>>>>

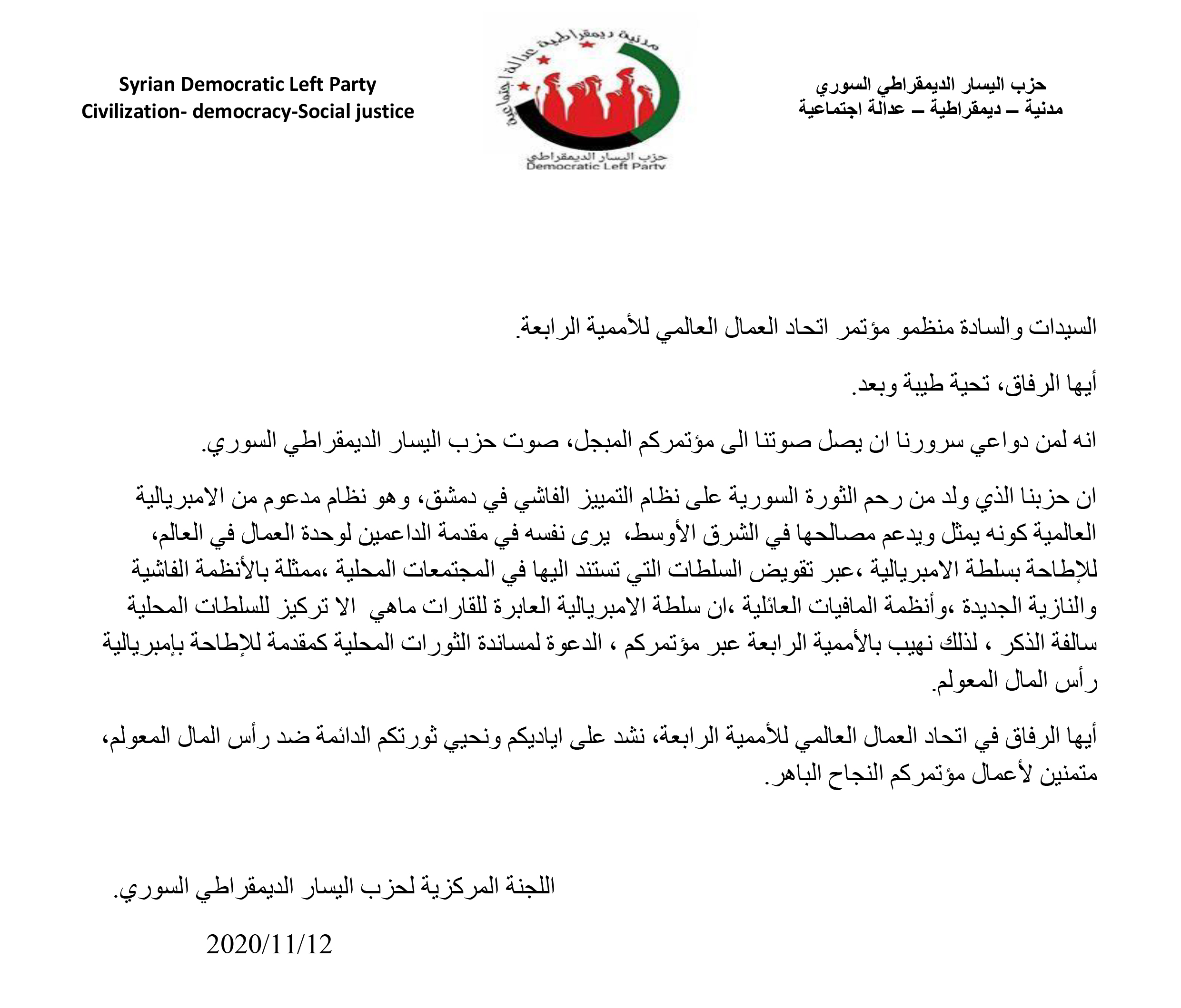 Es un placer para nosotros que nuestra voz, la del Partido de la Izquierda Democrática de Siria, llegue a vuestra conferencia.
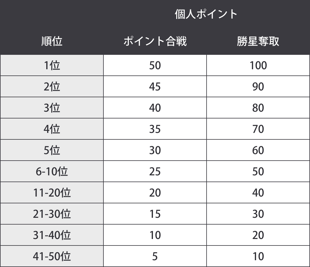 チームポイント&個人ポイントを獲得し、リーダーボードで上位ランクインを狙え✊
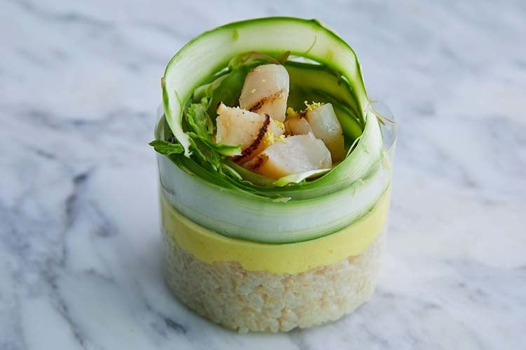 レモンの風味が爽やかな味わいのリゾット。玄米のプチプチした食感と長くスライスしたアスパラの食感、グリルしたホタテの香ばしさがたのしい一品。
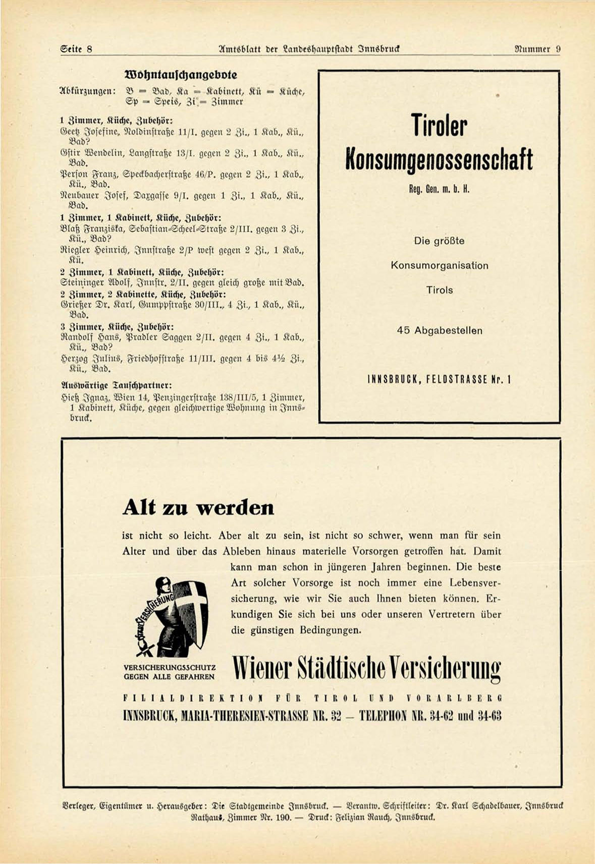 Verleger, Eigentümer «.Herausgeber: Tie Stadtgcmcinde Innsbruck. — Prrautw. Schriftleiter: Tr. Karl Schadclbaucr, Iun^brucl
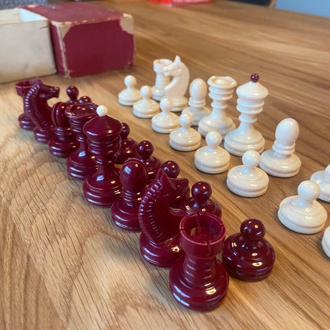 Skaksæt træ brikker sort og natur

<<<<

Every line from the one containing "チームポイント&個人ポイントを獲得し、リーダーボードで上位ランクインを狙え✊" through the end of the entries above is to be copied exactly; pictures are to be left out.

 チームポイント&個人ポイントを獲得し、リーダーボードで上位ランクインを狙え✊
 レモンの風味が爽やかな味わいのリゾット。玄米のプチプチした食感と長くスライスしたアスパラの食感、グリルしたホタテの香ばしさがたのしい一品。
 Verleger, Eigentümer «.Herausgeber: Tie Stadtgcmcinde Innsbruck. — Prrautw. Schriftleiter: Tr. Karl Schadclbaucr, Iun^brucl
 Skaksæt træ brikker sort og natur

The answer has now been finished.